We’ve had targeted capture on the brain lately as we work with collaborators to put the finishing touches on our HLS-CATCH method for selecting large genomic elements using Cas9 guides and the SageHLS system. So today, we wanted to revisit a great capture paper from scientists at the Earlham Institute and other organizations.
“Targeted capture and sequencing of gene-sized DNA molecules” came out in BioTechniques a year ago from lead author Michael Giolai, senior author Matthew Clark, and collaborators. It’s a terrific effort by scientists who know the value of nailing down every piece of a protocol in order to get the most robust, reliable results. For this method, the team focused on sample prep for the PacBio sequencing pipeline, and they made extensive use of the SageELF platform to optimize results.
Scientists began with RenSeq, short for R-gene enrichment sequencing, which was originally developed to help short-read sequencing platforms conquer challenging, highly repetitive sequence regions. In theory, incorporating long-read sequencing would be even more successful. “Here, we demonstrate that the use of RenSeq on DNA fragments up to 7-kb long in combination with PacBio sequencing results in full contig assemblies covering entire R-gene clusters with inter- and intragenic regions,” the team reported in BioTechniques. “Our approach can be used to capture, sequence, and distinguish between similar members of the NB-LRR gene family—key genes in plant immune systems.”

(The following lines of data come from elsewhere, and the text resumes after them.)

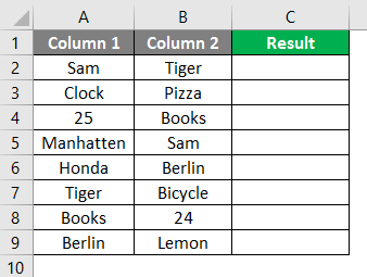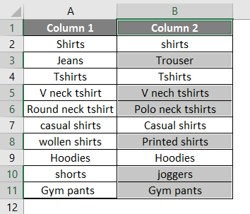Let’s compare cells in two columns that are in the same row. Below is a table with two columns with some data, which can be the same or different. We can find the similarity and the differences in data as shown below.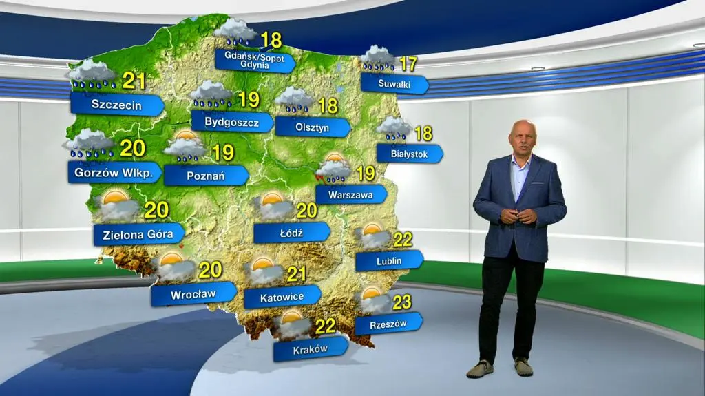 Sobota 25.09 będzie na ogół pochmurna. W północnej części kraju może spaść deszcz. Na termometrach zobaczymy od 17 st. C na Podlasiu do 23 st. C na Podkarpaciu. Wiatr będzie słaby i umiarkowany, przed południem miejscami stanie się silniejszy, powieje z zachodu.
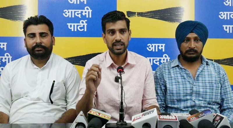 AAP leader Pratap Jamwal interacting with media persons at Jammu on Sunday.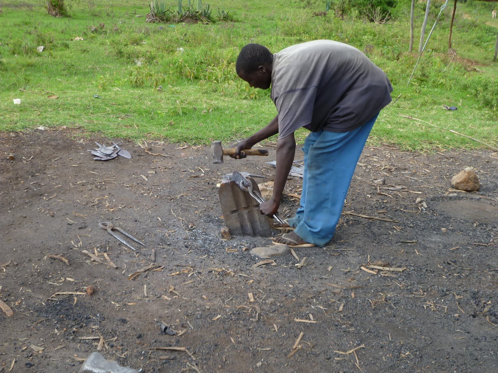 On our way back to Rodi, Michael stops at the “village blacksmith” and we watch a while as he hammers iron hoe blades. His forge (coal fire-pit) has a people-powered blower (hooked up to a bike wheel with a handle for manual turning). I had noticed the metal plow sitting in Michael’s yard — with a team of oxen, he had gotten very familiar with that plow just a month prior. I could imagine that it came from that same local smithy, his forge and his hammer.
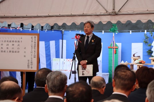 田中明高山市長は「地域住民の生活の利便性を向上させる悲願の道路。安全第一で技術力を最大限発揮し工事を進めてください」と挨拶。施工者を代表し大日本土木株式会社の松雅彦社長は「重要な道路工事であり、無事故で立派なトンネルができるよう取り組んでいきたい」と挨拶しました。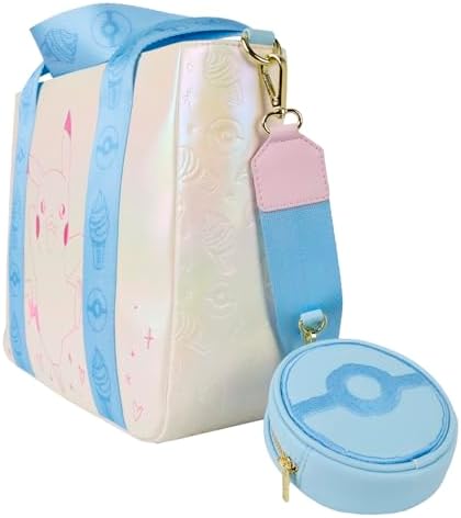 The iridescent Pokémon bag of your dreams! This tote bag features Pikachu embroidered front and center. All around and on the straps, you'll find designs of hearts, Poké Balls, and sweet treats. Attached to the crossbody strap is a coin bag that looks like a Poké Ball. Pack everything you need for training and look seriously cute!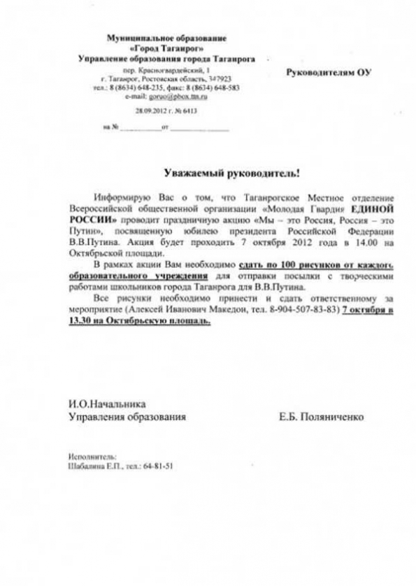 Управление образования города Таганрога Ростовской области разослало в школы города распоряжения сдать к юбилею Путина по 100 рисунков с изображением президента от каждого образовательного учреждения. Документ опубликовал в своем Twitter известный блогер Рустем Адагамов.

Giolai et al. focused on key steps in the RenSeq capture process: shearing, size selection, and PCR amplification. For more information about how the SageELF instrument makes a difference in this method, check out table 1 and figures 1 and 2 in the paper. Ultimately, the approach allows the PacBio platform to sequence only the longest fragments, generating the longest reads possible for a library and helping distinguish even high-identity sequences.
“This makes the optimized RenSeq protocol not only interesting for very accurate long-read R-gene enrichment,” the scientists noted, “but also as a robust and reproducible technique for the hybridization-based specific capture of fragments up to 7-kb in any genomic context—and it could be used for gap filling, other types of genome finishing, or structural variation verification.”